┏━━

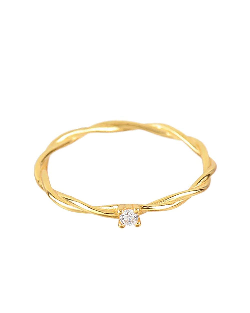 Este anillo solitario cuenta con una elegante banda trenzada y una piedra central de zirconita cúbica blanca, hecha en plata de ley 925 chapada en oro de 18 kilates. Su diseño delicado y sofisticado lo convierte en una pieza perfecta tanto para ocasiones especiales como para el uso diario. Ideal para quienes buscan un toque de brillo y estilo en sus manos.
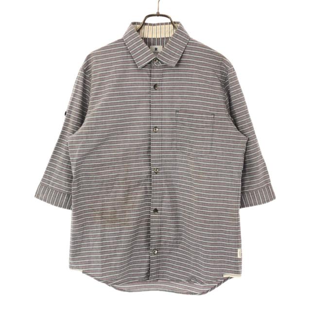 アールニューボールド ボーダー 7分袖 コットンシャツ M グレー R.NEWBOLD メンズ
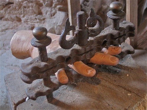 – la salle de garde, permettant d’assister aux interrogatoires, avec une collection d’instruments de torture.

┗━━

### Assignment
Without any pictures, reproduce the lines from the first one in the material through the line that has "アールニューボールド ボーダー 7分袖", exactly as they appear.

### Answer below
 Este anillo solitario cuenta con una elegante banda trenzada y una piedra central de zirconita cúbica blanca, hecha en plata de ley 925 chapada en oro de 18 kilates. Su diseño delicado y sofisticado lo convierte en una pieza perfecta tanto para ocasiones especiales como para el uso diario. Ideal para quienes buscan un toque de brillo y estilo en sus manos.
 アールニューボールド ボーダー 7分袖 コットンシャツ M グレー R.NEWBOLD メンズ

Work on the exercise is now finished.